Validations for allow/deny request.kubernetes_resources fields will be placed:
Data structure that will hold a list of Kubernetes "kinds":
message RequestKubernetesResource {
string Kind = 1 [(gogoproto.jsontag) = "kind,omitempty"];
}
New field for RoleOptions:
message AccessRequestConditions {
...other existing fields
// kubernetes_resources optionally allows admins to enforce a requester to request only certain resources.
// Eg: Users can make request to either a resource kind "kube_cluster" or any of its
// subresources like "namespaces". The mode can be defined such that it prevents a user
// from requesting "kube_cluster" and enforces requesting any of its subresources.
repeated RequestKubernetesResource kubernetes_resources = 8 [(gogoproto.jsontag) = "kubernetes_resources,omitempty"];
}
Our UI's currently only supports requesting for kind kube_cluster.
With this RFD implementation, we will add support for reading/selecting only namespaces initially. See figma design for namespace selecting.
These are the current states the UI's can take regarding Kubernetes resource requesting depending on errors received when performing a initial dry run of creating an access request:
kube_cluster and/or namespace is requestableThis is an example of an error returned related to kubernetes_resources, where the configuration is not supported by the UI, thus we direct the user to use the tsh tool instead:
your Teleport role's "request.kubernetes_resources" field did not allow requesting to some or all of the requested Kubernetes resources. allowed kinds for each requestable roles: access-kube-pumpkin: [pod], access: [pod]
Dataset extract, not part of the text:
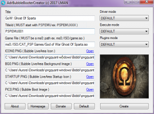 - Fill in the fields in the Adrenaline Bubble Booter Creator application bundled in the RAR file so that you can create and customise your bubble to your liking. You need to put in information such as the game path (from ms0:) and the images you want to use for the LiveArea bubble. You may leave some image fields empty and the default images will be used instead.

The listed allowed kinds are currently only supported through the `tsh CLI tool`. Use the `tsh request search` command that will help you construct the request.
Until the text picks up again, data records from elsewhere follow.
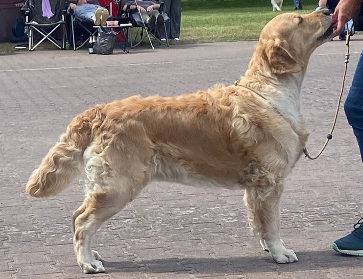 Typvolle sanfte Hündin, zunehmend freundlich, anatomisch korrekt, leicht welliges Haar mit guter Unterwolle, schöner Kopf, gut angesetzter Hals, tadellos im Stand, flüssiges Gangwerk.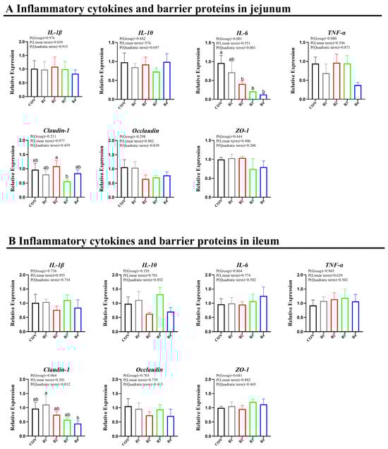Effect of IRR on intestinal inflammation and the intestinal barrier. (A) Inflammatory cytokines and barrier proteins in the jejunum, (B) Inflammatory cytokines and barrier proteins in the ileum. IL-β = interleukin-β, IL-10 = interleukin-10, IL-6 = interleukin-6, TNF-α = tumor necrosis factor-α. B1 = basal diet supplemented with 0.5% IRR, B2 = basal diet supplemented with 1.0% IRR, B3 = basal diet supplemented with 2.0% IRR, and B4 = basal diet supplemented with 4.0% IRR. In the regions marked as a and b within the figure, no significant differences were observed among groups denoted by the same letter. Conversely, statistically significant differences were evident between groups designated by different letters.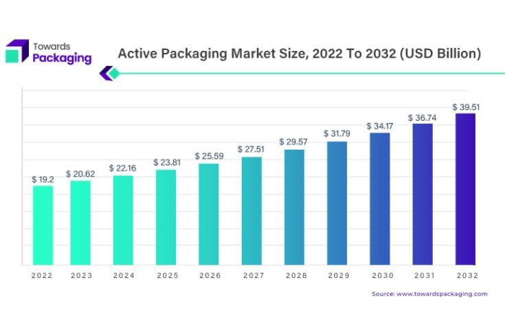 The global active packaging market is projected to grow from USD 19.2 billion in 2022 to an estimated USD 39.51 billion by 2032, with a 7.5% CAGR. A report by Towards Packaging

tsh already has support for requesting all these resources.
There is nothing to add to the CLI, we will just let it error out upon request creation validation.
Requesters can query for resources that they can request to, for tsh this is the tsh request search command. The request.kubernetes_resources will be applied when querying for Kubernetes resources.
For example, if the user has this role assigned:
kind: role
metadata:
name: requester-role-1
spec:
allow:
request:
search_as_roles:
- kube-access
deny:
request:
kubernetes_resources:
- kind: "pod"
And the user tries to query for requestable pods:
$ tsh request search --kind=pod --kube-cluster=some-cluster-name
The query request will be rejected with access denied, since users will be denied requesting to pods.
In future iterations we can add support for more fields in the KubernetesResource structure to provide admins more ways to restrict a request.
For example given these roles:
kind: role
metadata:
name: kube-access
spec:
allow:
kubernetes_resources:
# Only allow lists namespaces starting with "coffee-" prefixes
- kind: namespace
name: 'coffee-*'
verbs:
- list
-----
kind: role
metadata:
name: requester
spec:
allow:
request:
search_as_roles:
- kube-access
kubernetes_resources:
- kind: 'namespace'
# Adding support for this field
name: 'coffee-latte
The kube-access role will allow user to list and select namespaces starting with coffee-* and the request.kubernetes_resources will further restrict this to only allow requesting for namespace coffee-latte.